Head of intermediary distribution at Vanguard Investments in Australia Michael Lovett said Vanguard research completed in 2011 founds clients believe around 80 per cent of an adviser’s value lies in strategic help.
This includes things like budgeting, cash flow planning, estate planning, tax planning and structures, retirement planning, risk profiling and behavioural coaching.
“You should spend 80 per cent of your time on the advice piece and 20 per cent on asset allocation, but we see the opposite of that in the workshops we do,” Lovett told ifa.
“Good advice practices do this well.”
Clients place around 80 per cent of an adviser’s value on the strategic advice and around 20 per cent on the product and asset allocation advice. So if an adviser is placing their value on the investment side, they’re depending on market movements beyond their control, according to Lovett.
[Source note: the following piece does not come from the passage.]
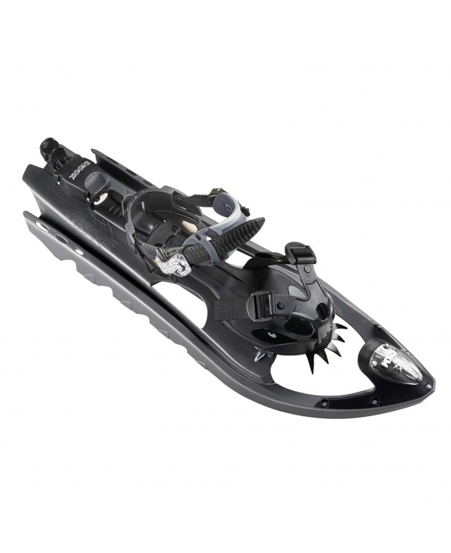 The profile of the frame shows a turned-up bow to keep the snowshoe constantly above the snow. The rear openings avoid any snow accumulation above and under the frame.

“You need to think about what you can control,” he said.
An adviser can’t control whether the Dow Jones drops five per cent overnight but, if that’s what they’re placing their value on, they can expect some calls from clients if that happens – whereas a client who feels they are getting their value on strategy may be less concerned by short-term market movements.
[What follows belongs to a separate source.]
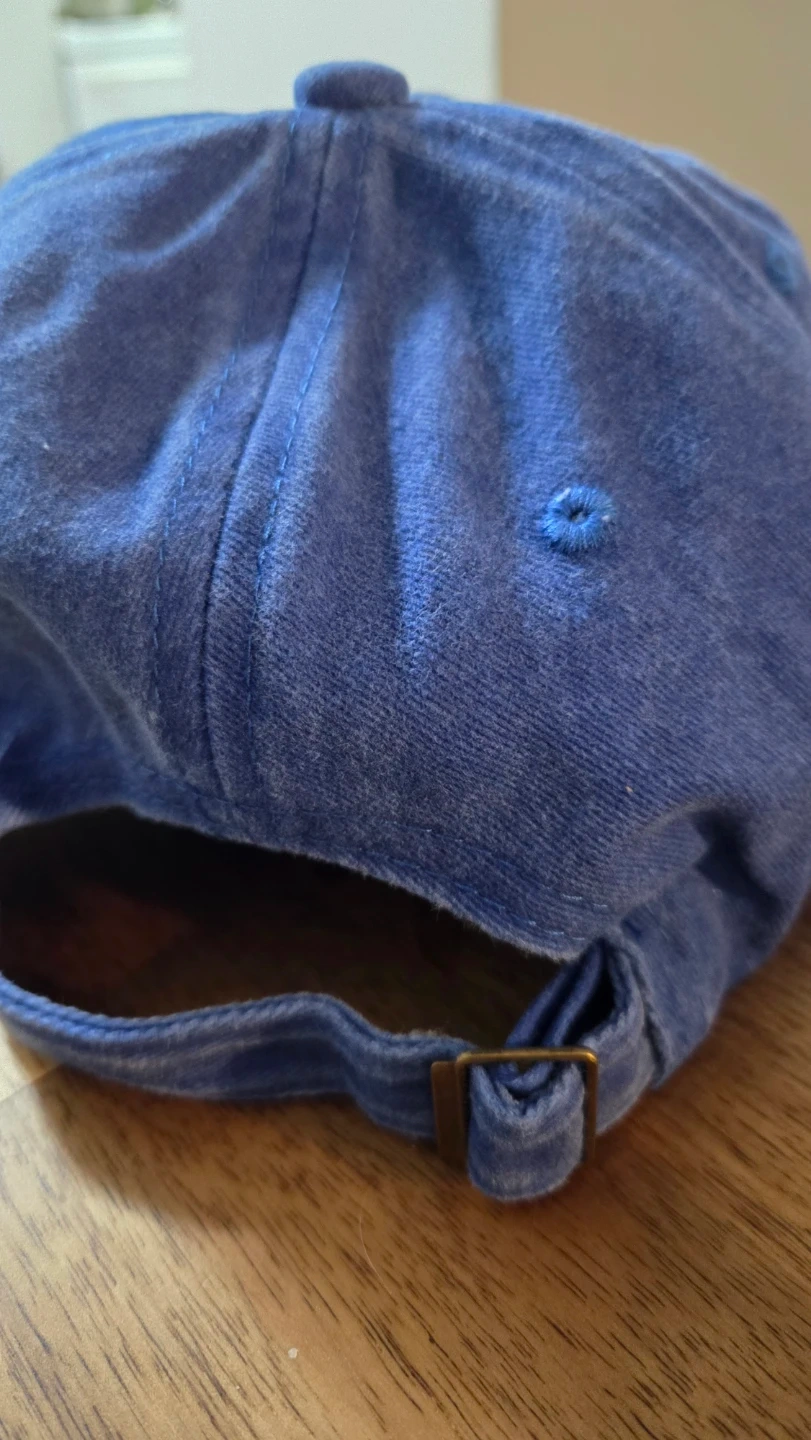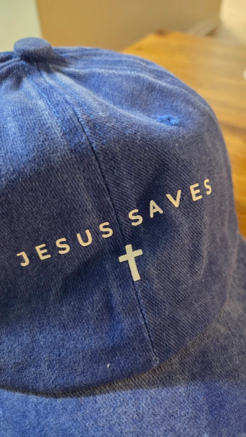 This is a cool blue Cap with Jesus Saves logo. Can be worn by male or female. It's brand new and I have it as extra. Denim-like material, and has an adjustable strap in back with a metal buckle. Great for everyday wear. Please don't ask for a lower price.

Advisers in larger dealer groups are likely to be part of a structure that has researchers who spend all their time researching managers while the adviser is seeing clients, making an even greater case for the use of model portfolios.
Lovett said dealer group heads he speaks to tend to prefer advisers to focus more on strategy than asset allocation.




It must be totally irrelevant to Mr. Lovett that asset allocation is reponsible for over 92% of investment return . Its not your adviser , accountant or stock broker thats for sure . Mr. Lovett states that ” This includes things like budgeting, cash flow planning, estate planning, tax planning and structures, retirement planning, risk profiling and behavioural coaching.
1. Cash flow planning – clients kick with the breeze and there are very feww that adhere to a budget if its put to them . 2. Tax planning and structures – thats what their accountant is meant to be doing . 3. Risk profiling – this is the biggest joke still doing the rounds . Clients are risk adverse when markets are on the way down and cock a hoop on the way up. Risk profiling is the most elastic methodology that this industry uses and resluts far too often in clients not reaching their goals and then blaming the planner . Assessing reaction to volatility would be a far better tool.